Your objective — All the lines below need to be transcribed exactly. Pictures get left out.
--- START ---
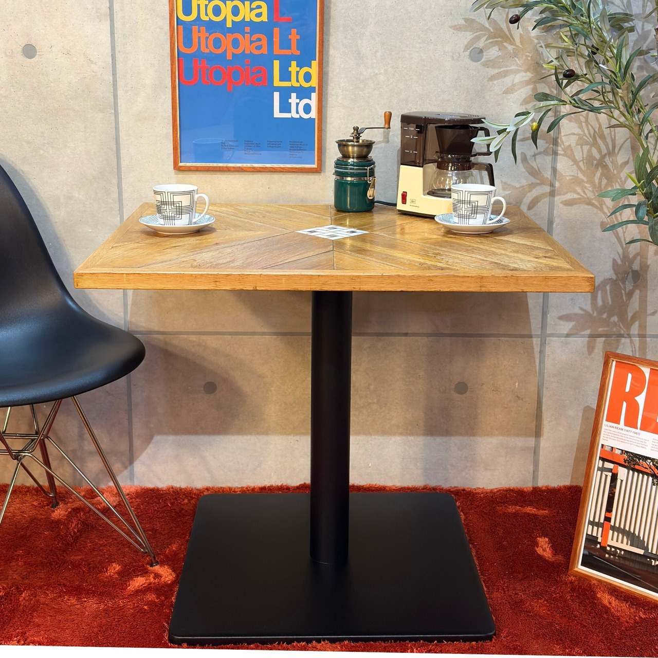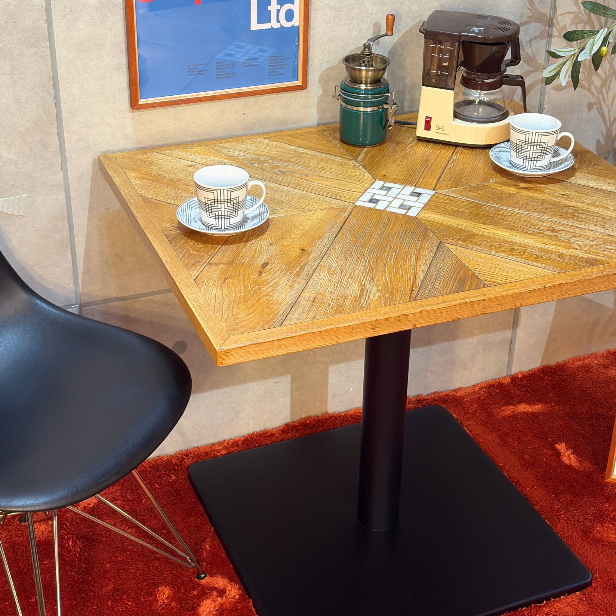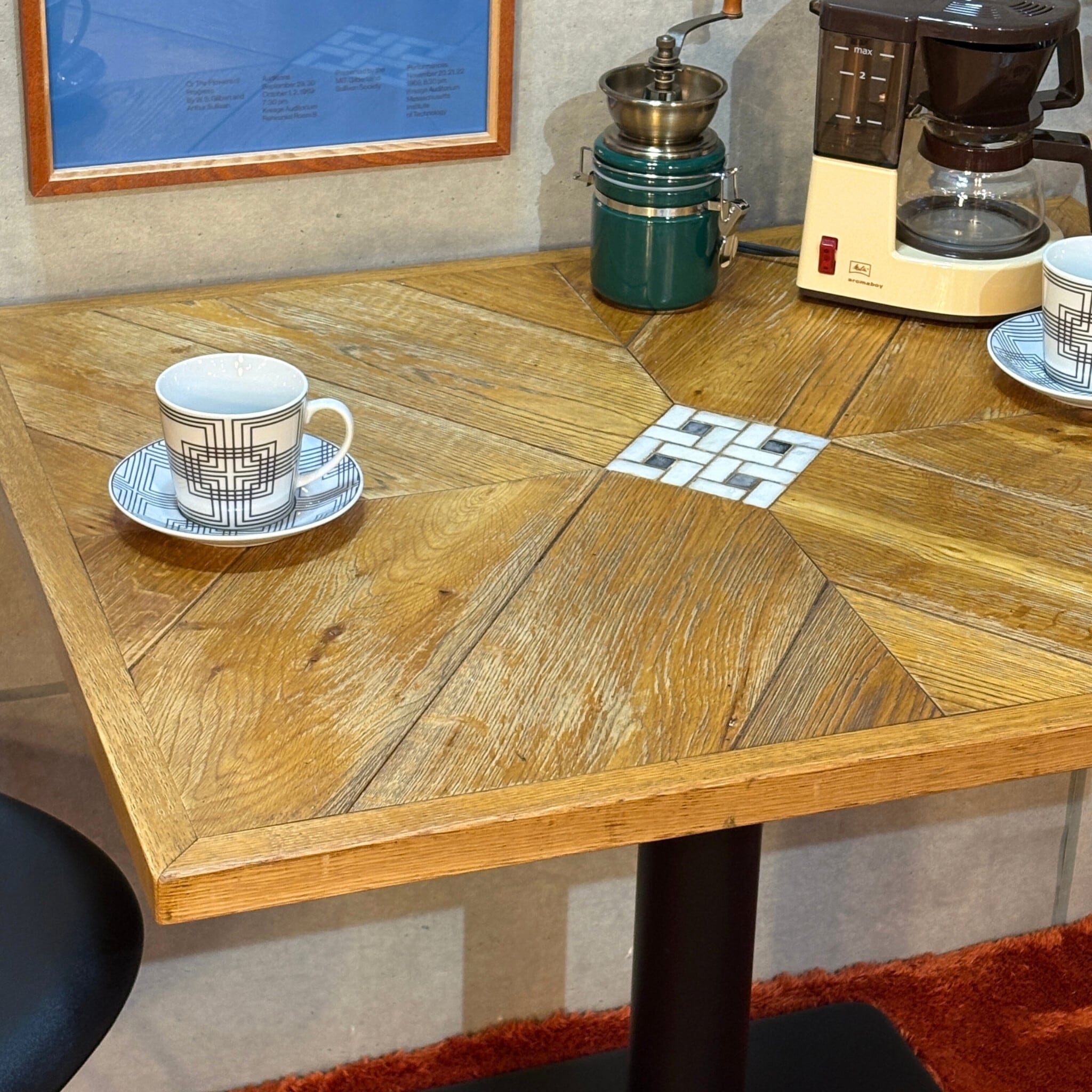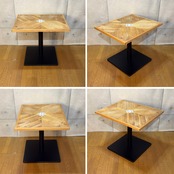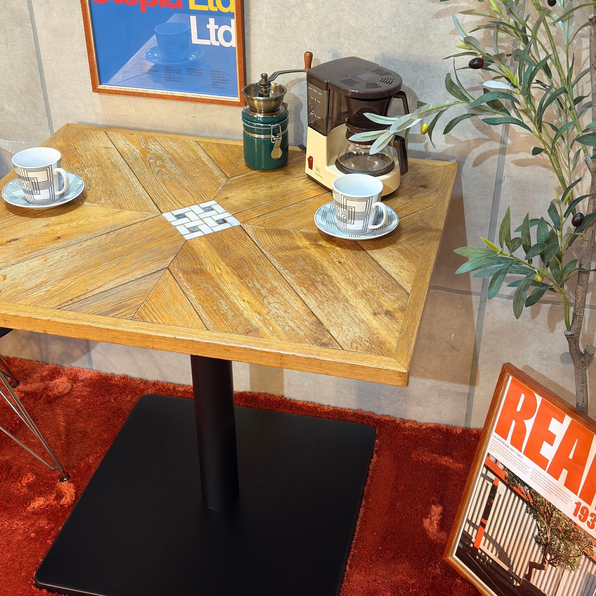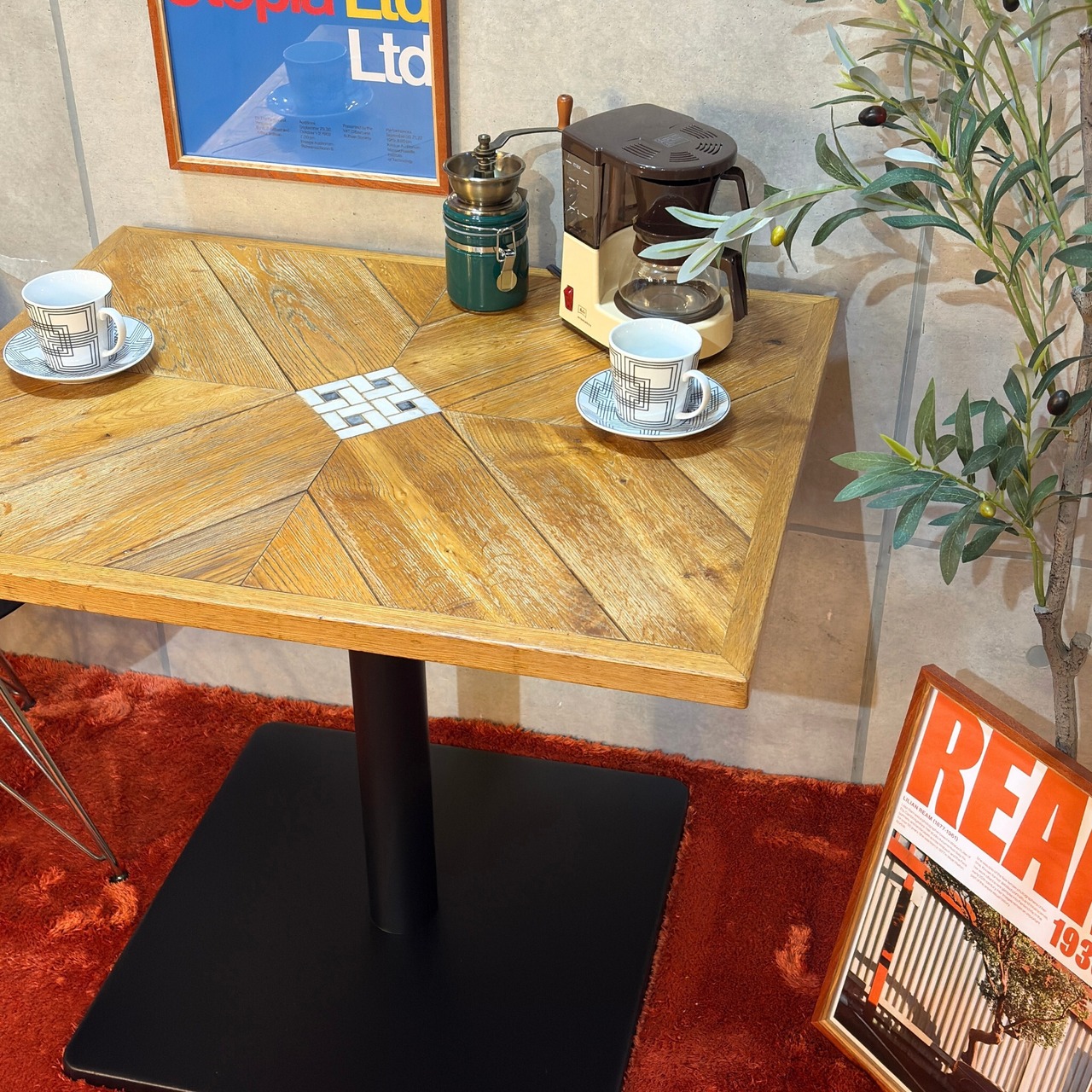 ナラ(オーク)材の表情豊かな木目とレトロなモザイクタイルを組み合わせたカフェテーブルが入荷しました。
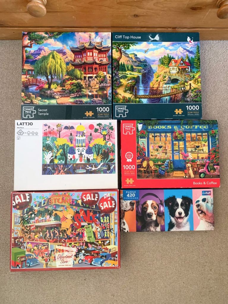 6 adult jigsaw puzzles, couple of tough ones in there!
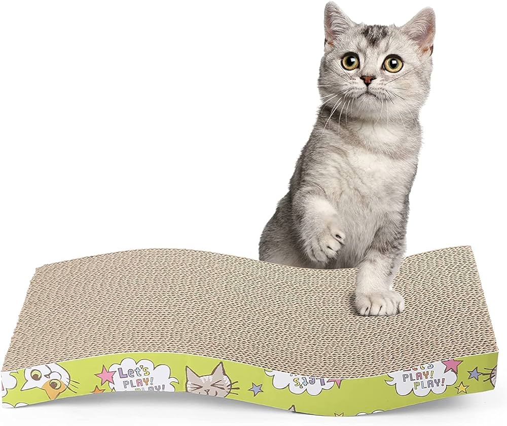 • S Shape Wave Design: Wave design cat scratching pad makes for easy scratching and for cats to contour, flex and stretch their bodies. It is also idea for claws maintenance, exercise, muscle toning, and stress relief
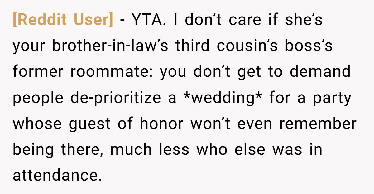 Do you think the mom was justified in feeling snubbed—or did she orchestrate her own disappointment? Would you have changed the party plans or stuck to your guns? Drop your take in the comments—just keep the wedding drama to a minimum.
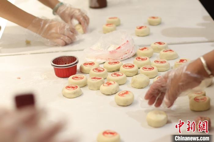 臺(tái)胞臺(tái)屬們一起動(dòng)手制作蘇式月餅。 中新社記者 泱波 攝
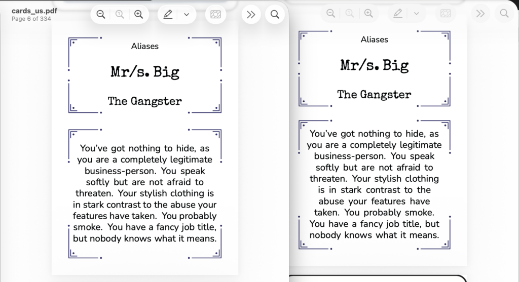 I explained it wasn’t really creative graphic design we needed help with, but the technical understanding of how to create a print-ready pdf, from playing card data we have as Json, formatted correctly for playing cards. Laying out over 150 cards by hand just didn’t seem like a sensible way to do this.
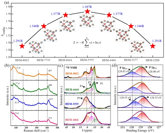 对上述合成的系列ZnxGeyCuzSiwP2构型熵进行计算,发现等比例固溶的Zn0.5Ge0.5Cu0.5Si0.5P2因其阳离子无序程度最大具有最高的构型熵,其构型熵的差异也在Raman表征(峰位红移)、31P-NMR固体核磁共振测试(P3占主导)和XPS图谱(P 2p峰位低结合能位移)中得到进一步探究和验证。
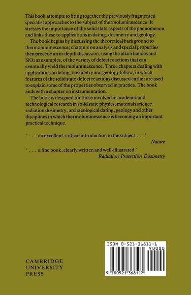 McKeever gives us a comprehensive survey of thermoluminescence, an important, versatile, and widely-used experimental technique. Bringing together previously isolated specialized approaches, he stresses the importance of the solid state aspects of the phenomenon and links these to applications in dating, dosimetry, and geology. The book contains chapters on analysis and special properties, on instrumentation, and on the variety of defect reaction--using the alkali halides and SiO2 as examples--that can take place within a material to yield thermoluminescence. Three chapters concerning applications discuss the features of the solid state reactions to explain some of the properties observed in practice.
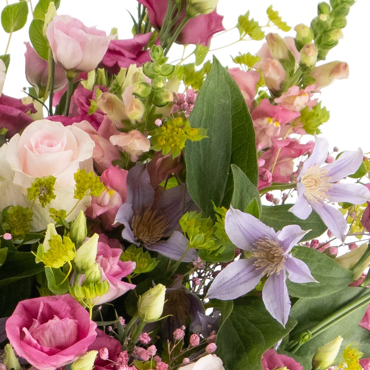 Romantik in jedem Detail Der Blumenstrauß Märchentraum bezaubert mit einer harmonischen Komposition aus zarten rosa Rosen und verspielten Blütenakzenten. Dieses Arrangement versprüht eine romantische Eleganz und bringt einen Hauch von Märchenwelt in jeden Raum. Perfekt als Geschenk für einen besonderen Menschen oder als dekorativer Blickfang, der Freude und Stil vereint. Der Blumenstrauß Märchentraum vereint die sanfte Schönheit rosa Rosen mit einer Vielfalt an liebevoll arrangierten Blüten. Begleitet von filigranem Schleierkraut und zarten lila Akzenten entsteht ein Arrangement, das Leichtigkeit und Eleganz ausstrahlt. Die dezente Farbpalette macht diesen Strauß zu einem idealen Geschenk für romantische Anlässe oder um einfach Danke zu sagen. Die sorgfältig ausgewählten Blumen bringen lange Freude und lassen sich mühelos in jeden Einrichtungsstil integrieren. Ob als dekorativer Mittelpunkt oder zarter Gruß – der Blumenstrauß Märchentraum verwandelt jeden Tag in einen besonderen Moment. Bestelle jetzt und lasse dich von diesem Strauß verzaubern!
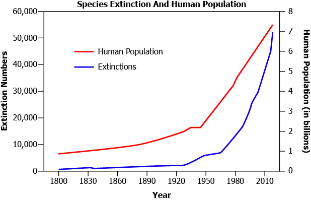 Predict what will likely happen to the number of species that go extinct if the trend of human population growth continues and reaches 8 billion by the year 2030.
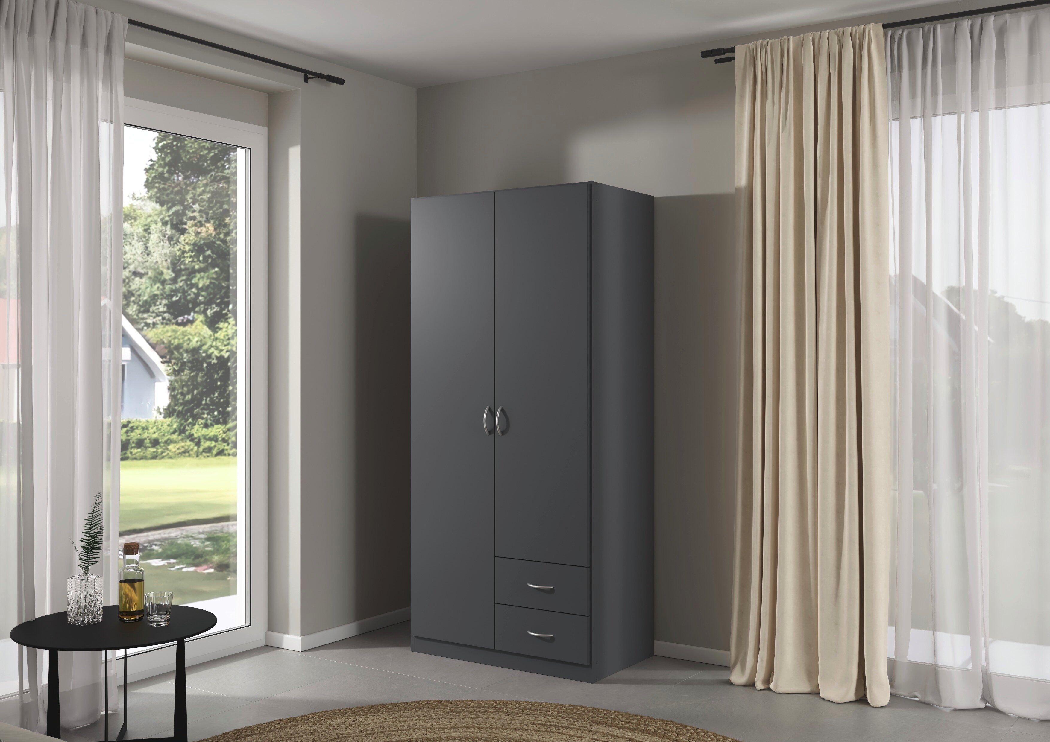 Ob einfacher Drehtürenschrank oder praktischer Funktionsschrank – bei welchem Drehtüren mit Schubkästen in der Front gekonnt kombiniert werden – die Serie Case punktet mit kompakten Maßen, einer breiten Farbpalette und einem hohem Gebrauchsnutzen. Ausgestattet mit Fachböden und Kleiderstangen ist deine Kleidung und Co im Schrankinneren ordentlich aufbewahrt.
--- END ---
Exercise answer —
 ナラ(オーク)材の表情豊かな木目とレトロなモザイクタイルを組み合わせたカフェテーブルが入荷しました。
 6 adult jigsaw puzzles, couple of tough ones in there!
 • S Shape Wave Design: Wave design cat scratching pad makes for easy scratching and for cats to contour, flex and stretch their bodies. It is also idea for claws maintenance, exercise, muscle toning, and stress relief
 Do you think the mom was justified in feeling snubbed—or did she orchestrate her own disappointment? Would you have changed the party plans or stuck to your guns? Drop your take in the comments—just keep the wedding drama to a minimum.
 臺(tái)胞臺(tái)屬們一起動(dòng)手制作蘇式月餅。 中新社記者 泱波 攝
 I explained it wasn’t really creative graphic design we needed help with, but the technical understanding of how to create a print-ready pdf, from playing card data we have as Json, formatted correctly for playing cards. Laying out over 150 cards by hand just didn’t seem like a sensible way to do this.
 对上述合成的系列ZnxGeyCuzSiwP2构型熵进行计算,发现等比例固溶的Zn0.5Ge0.5Cu0.5Si0.5P2因其阳离子无序程度最大具有最高的构型熵,其构型熵的差异也在Raman表征(峰位红移)、31P-NMR固体核磁共振测试(P3占主导)和XPS图谱(P 2p峰位低结合能位移)中得到进一步探究和验证。
 McKeever gives us a comprehensive survey of thermoluminescence, an important, versatile, and widely-used experimental technique. Bringing together previously isolated specialized approaches, he stresses the importance of the solid state aspects of the phenomenon and links these to applications in dating, dosimetry, and geology. The book contains chapters on analysis and special properties, on instrumentation, and on the variety of defect reaction--using the alkali halides and SiO2 as examples--that can take place within a material to yield thermoluminescence. Three chapters concerning applications discuss the features of the solid state reactions to explain some of the properties observed in practice.
 Romantik in jedem Detail Der Blumenstrauß Märchentraum bezaubert mit einer harmonischen Komposition aus zarten rosa Rosen und verspielten Blütenakzenten. Dieses Arrangement versprüht eine romantische Eleganz und bringt einen Hauch von Märchenwelt in jeden Raum. Perfekt als Geschenk für einen besonderen Menschen oder als dekorativer Blickfang, der Freude und Stil vereint. Der Blumenstrauß Märchentraum vereint die sanfte Schönheit rosa Rosen mit einer Vielfalt an liebevoll arrangierten Blüten. Begleitet von filigranem Schleierkraut und zarten lila Akzenten entsteht ein Arrangement, das Leichtigkeit und Eleganz ausstrahlt. Die dezente Farbpalette macht diesen Strauß zu einem idealen Geschenk für romantische Anlässe oder um einfach Danke zu sagen. Die sorgfältig ausgewählten Blumen bringen lange Freude und lassen sich mühelos in jeden Einrichtungsstil integrieren. Ob als dekorativer Mittelpunkt oder zarter Gruß – der Blumenstrauß Märchentraum verwandelt jeden Tag in einen besonderen Moment. Bestelle jetzt und lasse dich von diesem Strauß verzaubern!
 Predict what will likely happen to the number of species that go extinct if the trend of human population growth continues and reaches 8 billion by the year 2030.
 Ob einfacher Drehtürenschrank oder praktischer Funktionsschrank – bei welchem Drehtüren mit Schubkästen in der Front gekonnt kombiniert werden – die Serie Case punktet mit kompakten Maßen, einer breiten Farbpalette und einem hohem Gebrauchsnutzen. Ausgestattet mit Fachböden und Kleiderstangen ist deine Kleidung und Co im Schrankinneren ordentlich aufbewahrt.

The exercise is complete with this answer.